[Your task]
Below are records; extract exactly the lines from the one containing "Barstol Toni imiteret læder krom, grå" through the last, both included, and keep the pictures out.

(Extracted data entries)
------------------------------

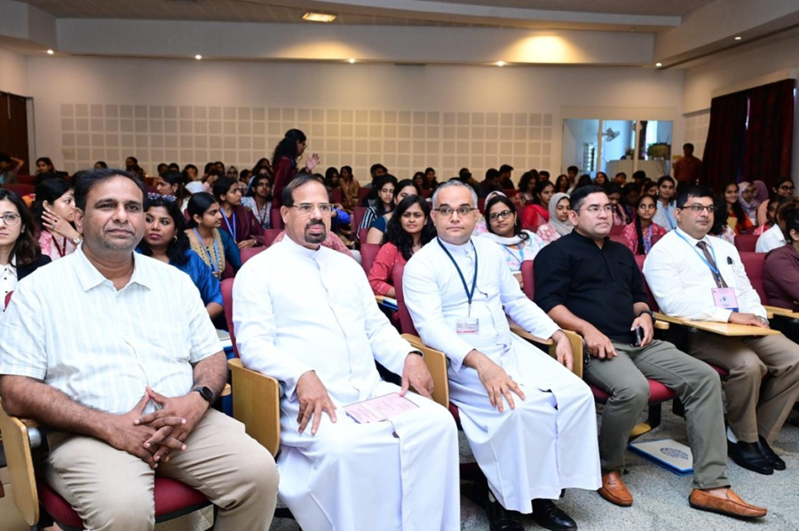 Also present on the occasion were Dr Michael Santhumayor, administrator (FMMC, FMCOAHS & FMCOP); Fr George Jeevan Sequeira, administrator (FMMCH); Prof Cynthia Santhumayor, principal and organising chairperson; and Dr Ramandeep, professor & HoD (SLP) and organising secretary.
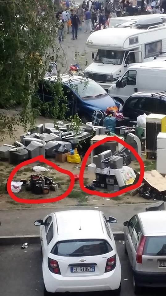 Un sito era ricavato da un occupazione abusiva di circa 2500 mq. ed era gestito da un cittadino nigeriano; un altro sito, di circa 3000 mq., con fabbricati in pessimo stato di manutenzione, era gestito da un cittadino nigeriano in possesso di autorizzazione per il commercio di veicoli usati, ed aveva all’interno 15 magazzini tutti stracolmi di rifiuti. Un altro sito di circa 5700 mq. era gestito da un cittadino italiano pluripregiudicato, ed era utilizzato come deposito di container dati in affitto a cittadini extracomunitari. Inoltre veniva individuato un centro di raccolta situato in un capannone di circa 400 mq. gestito da un cittadino ghanese in possesso di autorizzazione per il commercio di elettrodomestici usati.
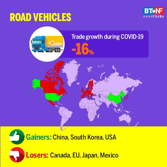 COVID-19 led lockdowns brought the world to a halt resulting in weaker demand for road vehicles. China, S. Korea and the US gained market share while Canada, EU, Japan and Mexico lost their competitive edge.
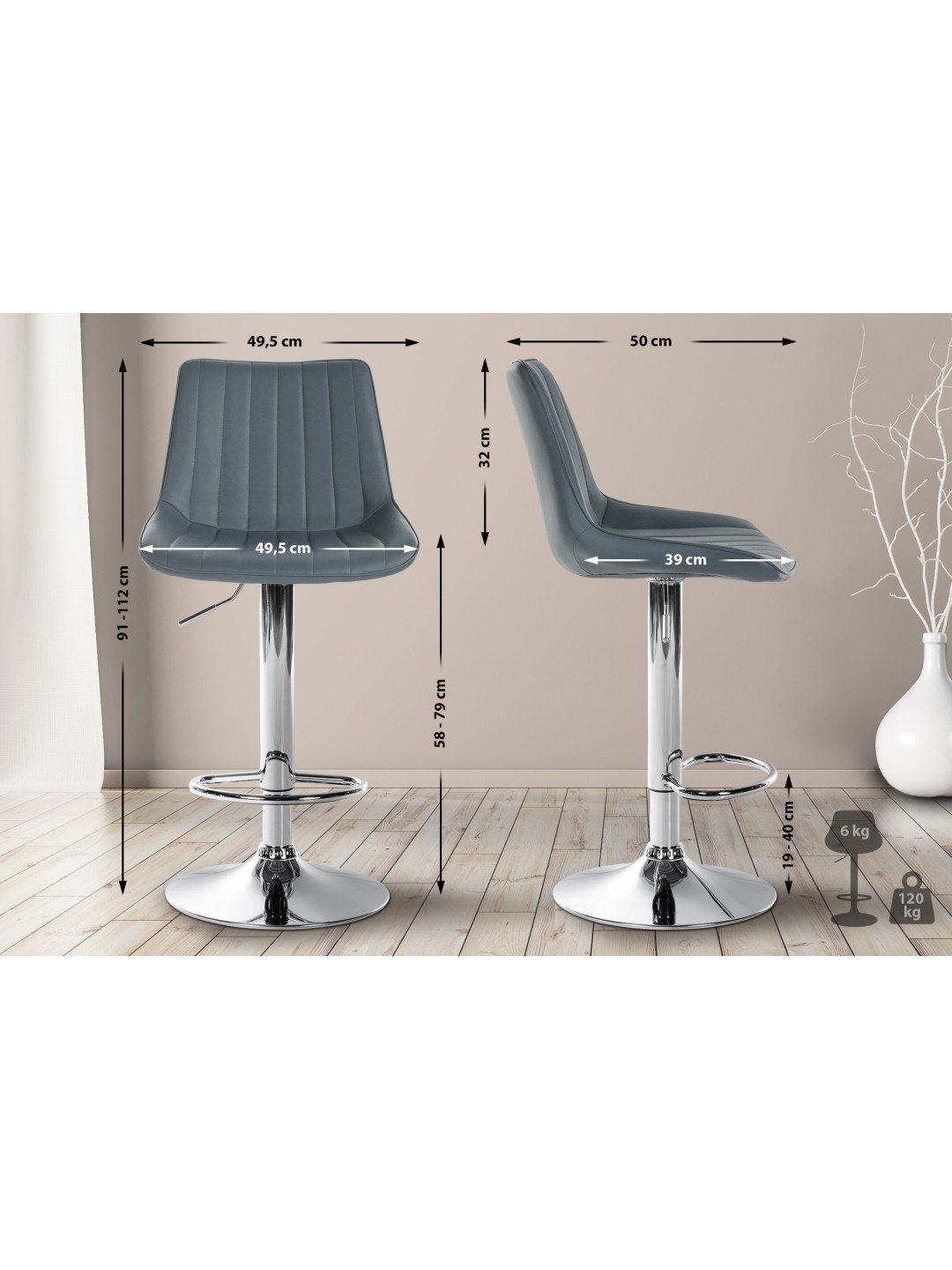Barstol Toni imiteret læder krom, grå
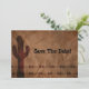 This Country Western Save The Date Announcement features a western theme complete with Cacti and barbed wire fence. Perfect for a western or country wedding!
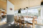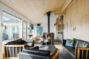 Et dejligt sommerhus med varm og indbydende indretning. I midten er deret stort opholdsrum bestående af et nyt flot køkken, spisestue og stue med brændeovn, og udsigt over den flotte grund gennem de store vinduer. En helt igennem hyggelig og afslappende atmosfære. Med fire værelser og to badeværelser er her plads til to familier, og det endda uden kø til morgenbadet. Af børnevenlige tiltag kan nævnes barneseng- og stol, gulvvarme på badeværelser, og vaskemaskine og tørretumbler. De lidt større børn vil sikkert sætte pris på det trådløse og gratis internet, så de kan spille og skrive på deres medbragte pc eller tablet. Fra spisestuen er der adgang til det store poolrum, som børnene hurtigt vil afprøve.

------------------------------

[Answer for the task]
Barstol Toni imiteret læder krom, grå
 This Country Western Save The Date Announcement features a western theme complete with Cacti and barbed wire fence. Perfect for a western or country wedding!
 Et dejligt sommerhus med varm og indbydende indretning. I midten er deret stort opholdsrum bestående af et nyt flot køkken, spisestue og stue med brændeovn, og udsigt over den flotte grund gennem de store vinduer. En helt igennem hyggelig og afslappende atmosfære. Med fire værelser og to badeværelser er her plads til to familier, og det endda uden kø til morgenbadet. Af børnevenlige tiltag kan nævnes barneseng- og stol, gulvvarme på badeværelser, og vaskemaskine og tørretumbler. De lidt større børn vil sikkert sætte pris på det trådløse og gratis internet, så de kan spille og skrive på deres medbragte pc eller tablet. Fra spisestuen er der adgang til det store poolrum, som børnene hurtigt vil afprøve.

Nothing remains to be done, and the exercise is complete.